**Work request:**
Which lines come from the start of the listing through the line holding "House features a"? Restate exactly those, both included, minus the pictures.

**Given data:**
++++
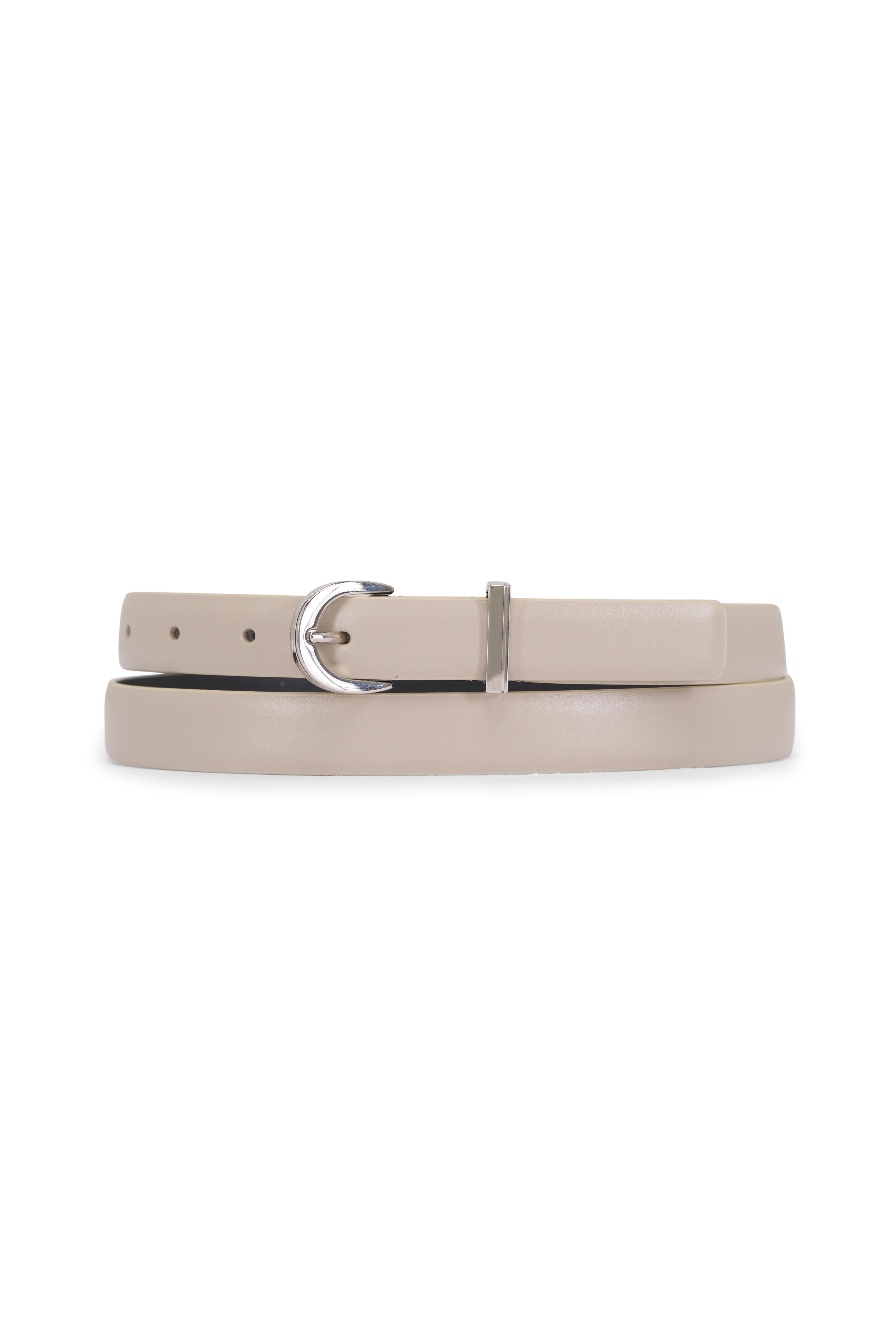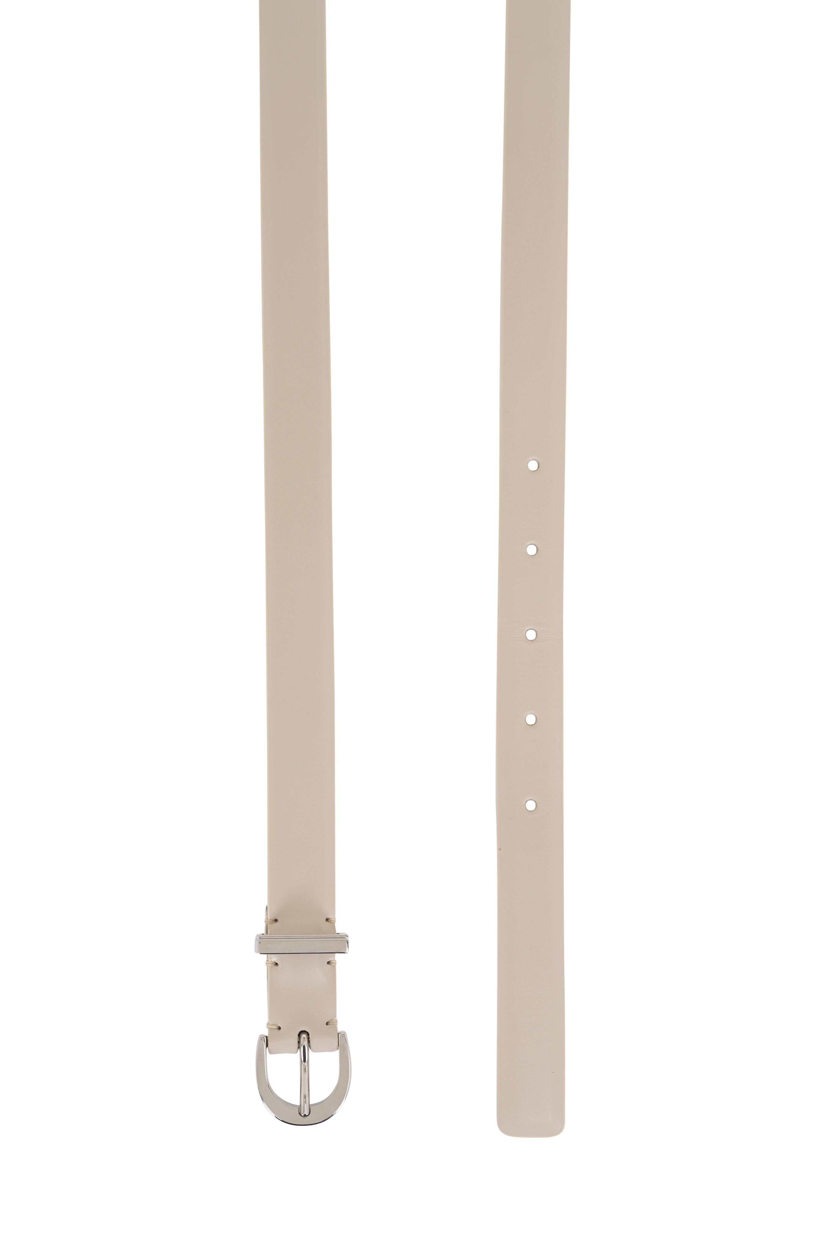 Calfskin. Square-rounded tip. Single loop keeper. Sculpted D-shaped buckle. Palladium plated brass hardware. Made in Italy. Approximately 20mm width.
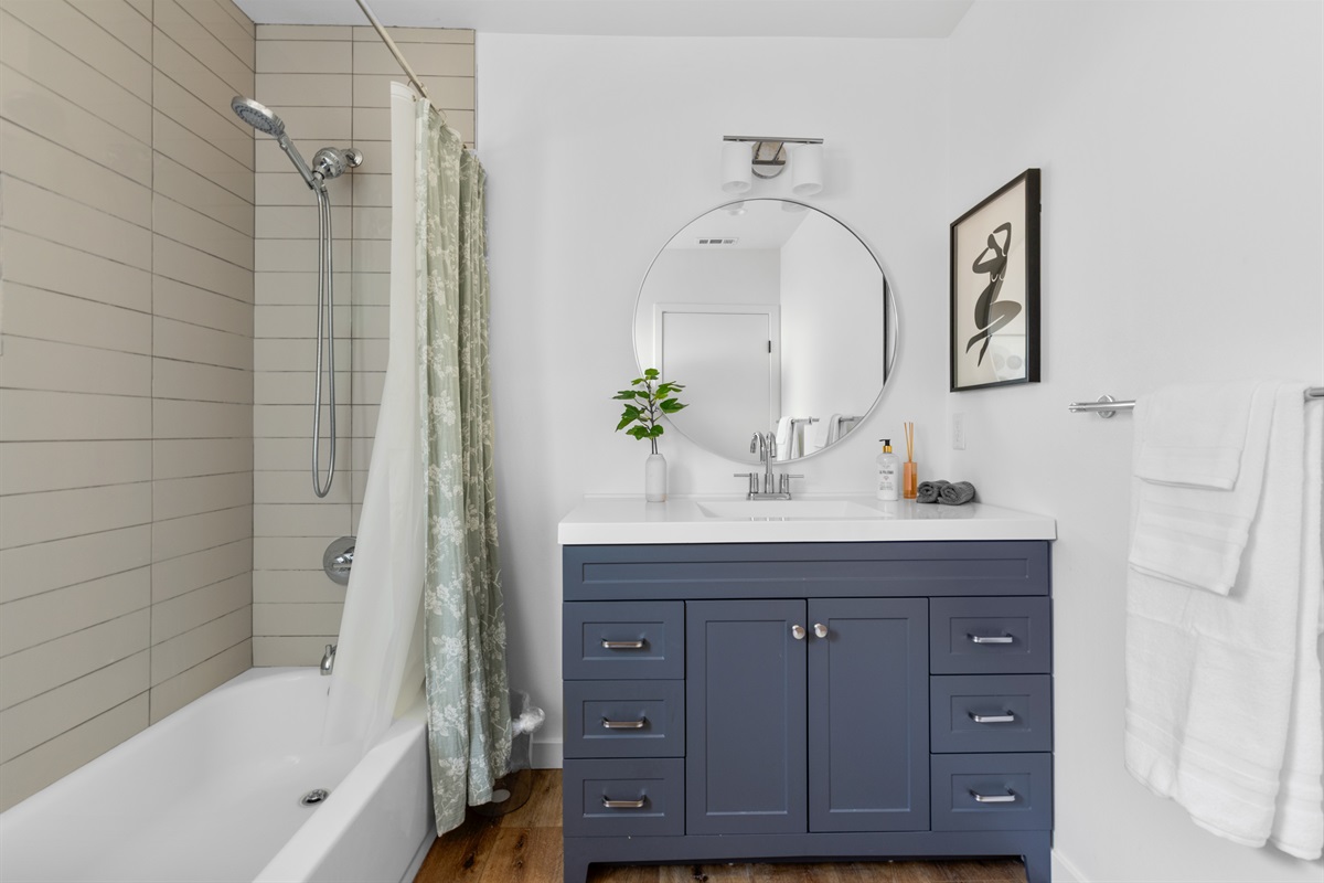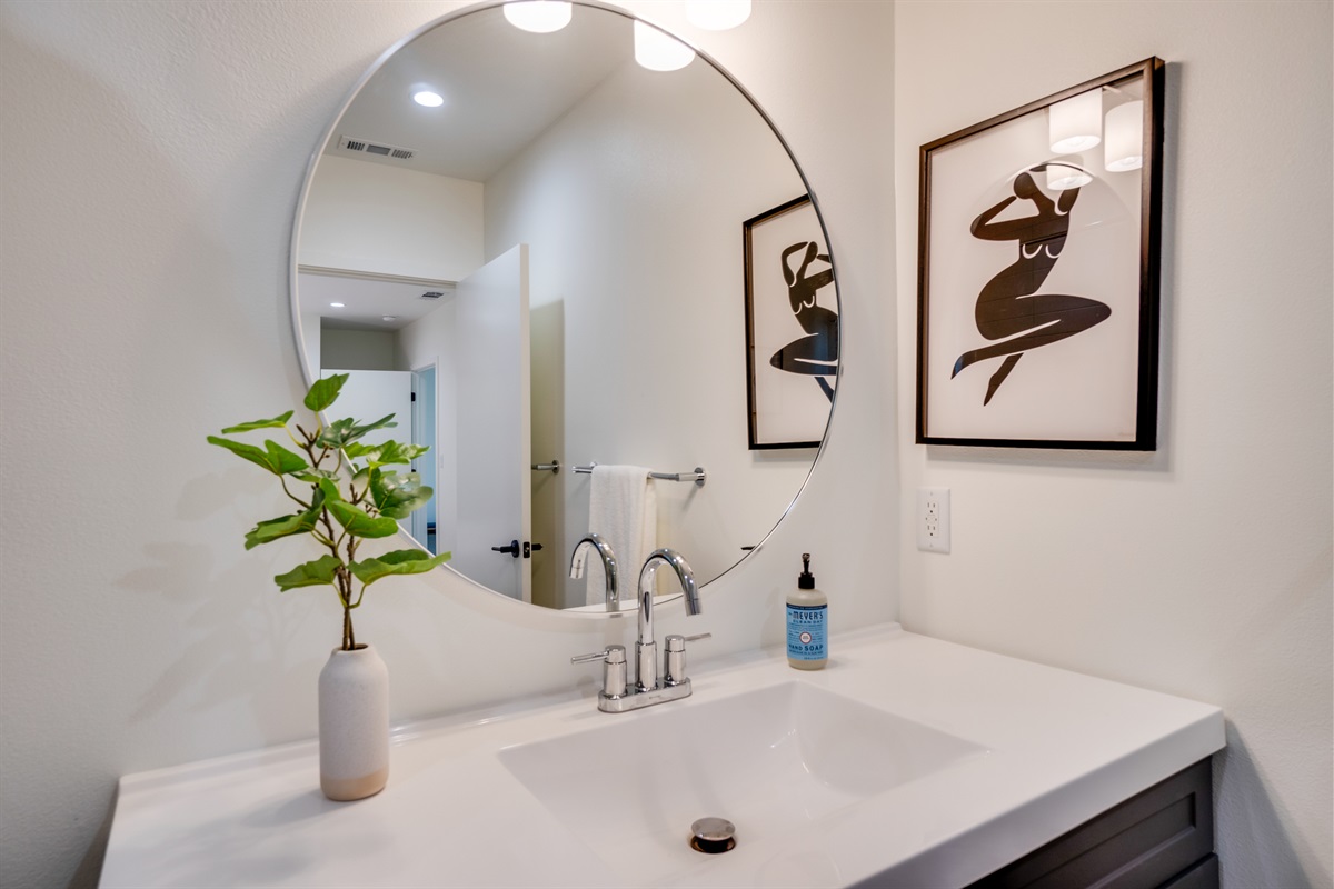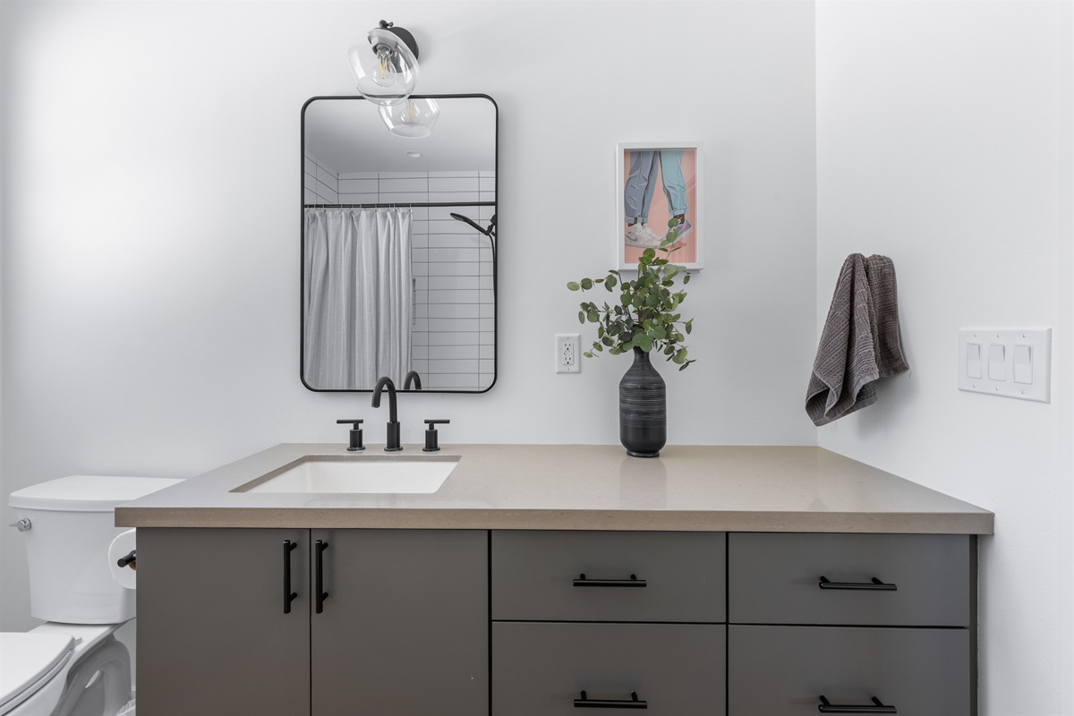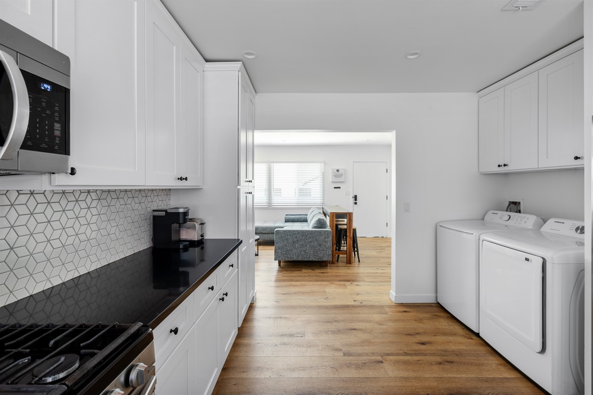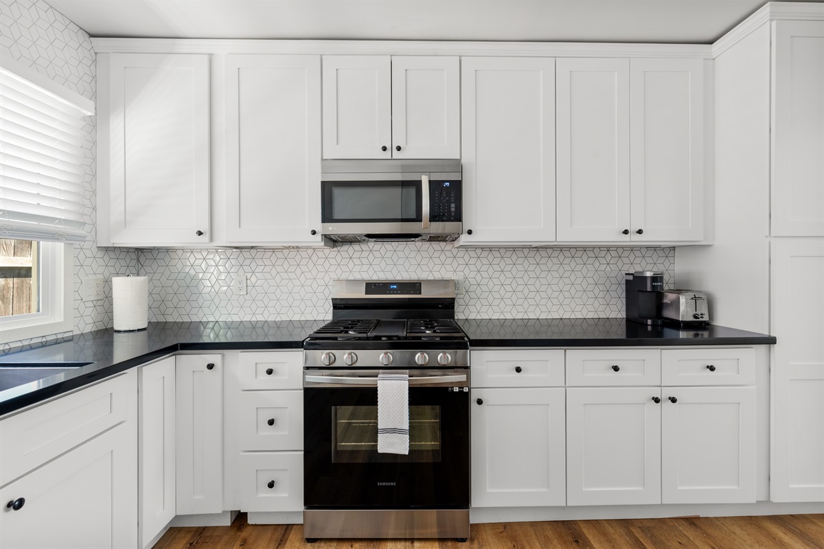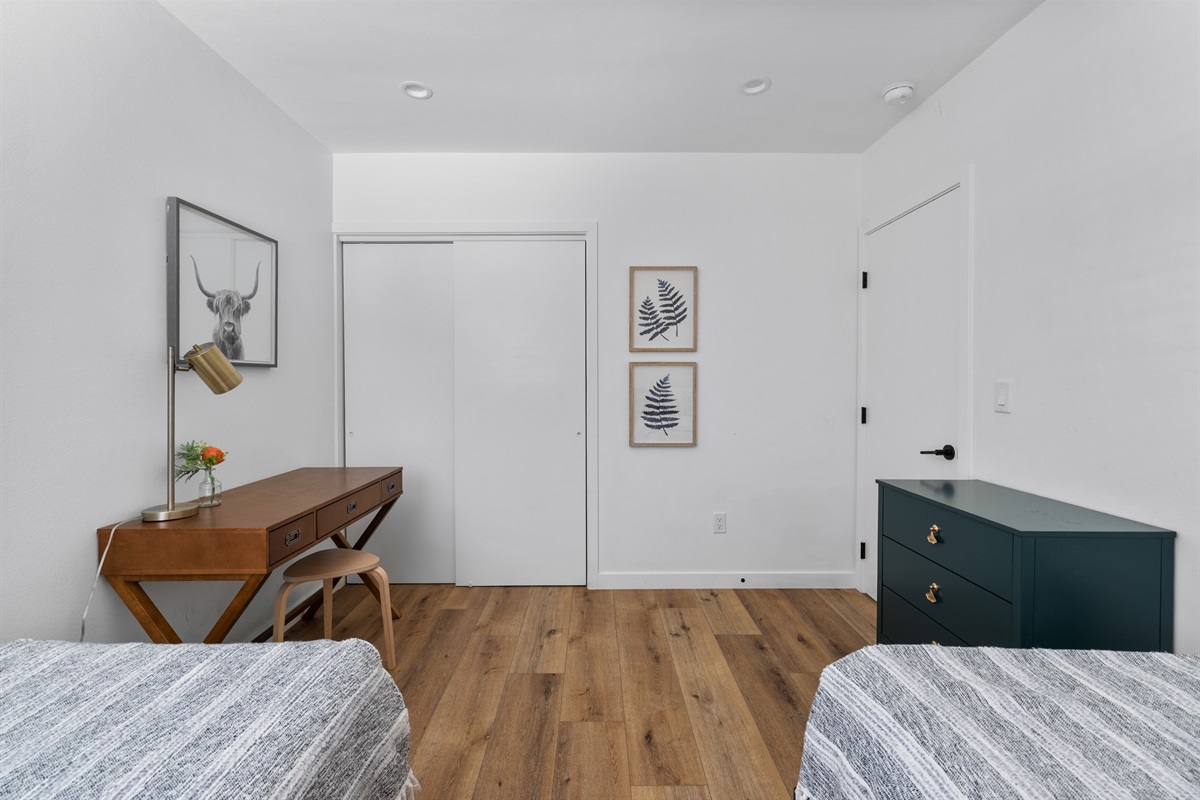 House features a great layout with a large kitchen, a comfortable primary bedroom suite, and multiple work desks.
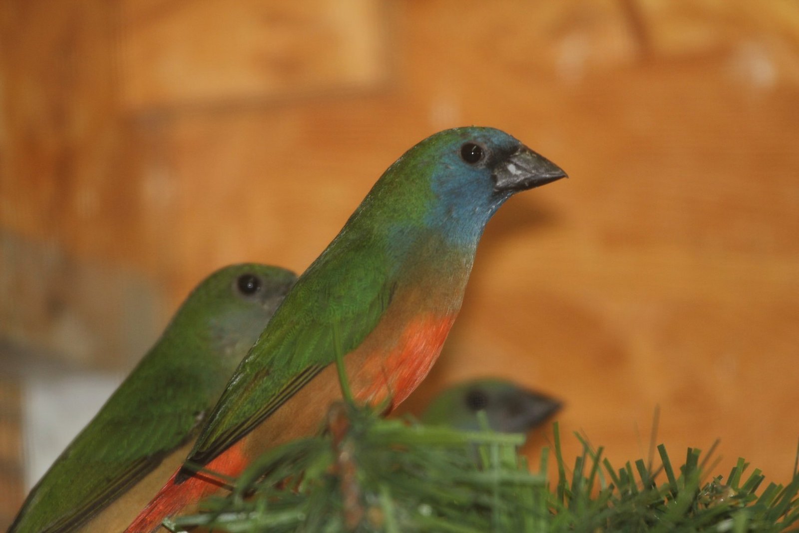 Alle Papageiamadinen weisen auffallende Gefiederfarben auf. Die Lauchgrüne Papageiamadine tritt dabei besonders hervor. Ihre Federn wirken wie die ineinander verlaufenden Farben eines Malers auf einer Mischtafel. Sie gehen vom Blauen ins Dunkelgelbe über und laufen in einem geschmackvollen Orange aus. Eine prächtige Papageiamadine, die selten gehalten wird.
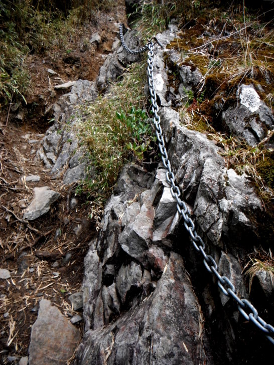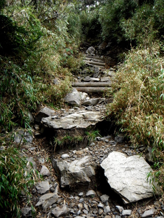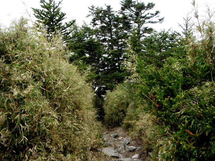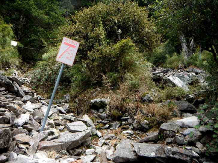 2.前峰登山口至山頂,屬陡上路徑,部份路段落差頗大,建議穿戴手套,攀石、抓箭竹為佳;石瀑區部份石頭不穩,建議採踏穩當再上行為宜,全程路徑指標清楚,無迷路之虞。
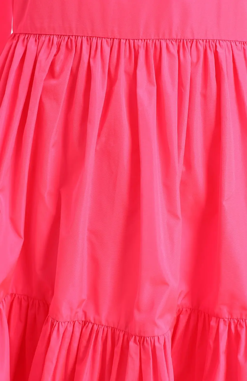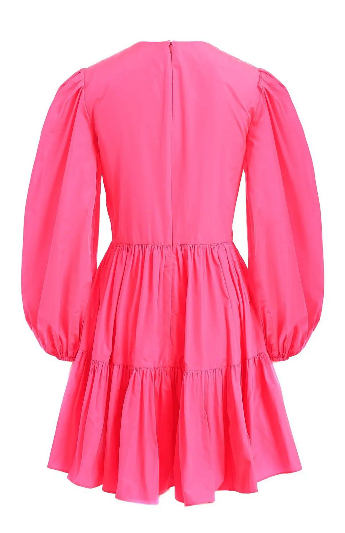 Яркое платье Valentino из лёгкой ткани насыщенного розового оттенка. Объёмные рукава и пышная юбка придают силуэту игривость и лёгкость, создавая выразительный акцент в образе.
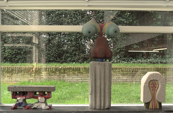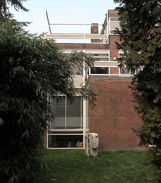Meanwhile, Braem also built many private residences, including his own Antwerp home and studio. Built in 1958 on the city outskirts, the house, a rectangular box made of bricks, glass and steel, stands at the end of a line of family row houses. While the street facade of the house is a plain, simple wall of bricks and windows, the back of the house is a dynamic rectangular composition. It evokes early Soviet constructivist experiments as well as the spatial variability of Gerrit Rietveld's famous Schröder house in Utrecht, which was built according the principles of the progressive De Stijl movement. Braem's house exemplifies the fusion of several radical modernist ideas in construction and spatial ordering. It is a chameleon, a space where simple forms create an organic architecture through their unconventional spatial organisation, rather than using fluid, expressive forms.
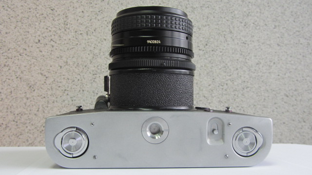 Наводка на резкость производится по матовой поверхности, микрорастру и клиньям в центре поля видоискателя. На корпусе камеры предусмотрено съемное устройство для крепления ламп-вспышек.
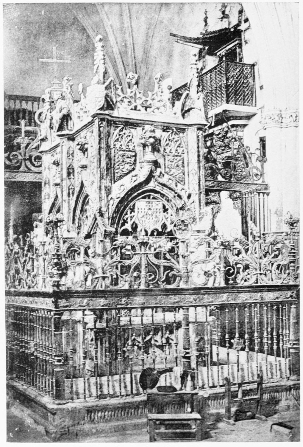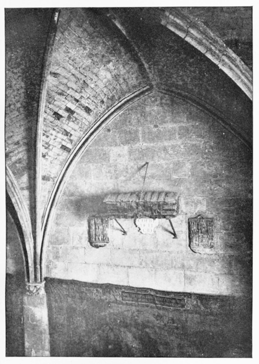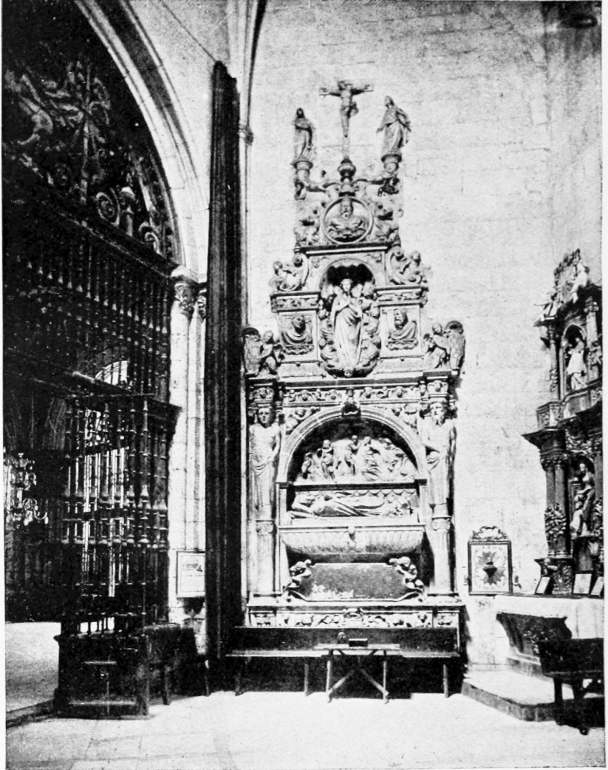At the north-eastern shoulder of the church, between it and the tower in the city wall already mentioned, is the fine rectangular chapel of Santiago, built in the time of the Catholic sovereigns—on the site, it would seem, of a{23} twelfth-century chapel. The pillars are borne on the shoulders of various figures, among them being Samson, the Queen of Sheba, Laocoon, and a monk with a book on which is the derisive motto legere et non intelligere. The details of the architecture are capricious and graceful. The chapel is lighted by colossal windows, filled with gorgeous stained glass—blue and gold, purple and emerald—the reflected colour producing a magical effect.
++++
**Written reply:**
 Calfskin. Square-rounded tip. Single loop keeper. Sculpted D-shaped buckle. Palladium plated brass hardware. Made in Italy. Approximately 20mm width.
 House features a great layout with a large kitchen, a comfortable primary bedroom suite, and multiple work desks.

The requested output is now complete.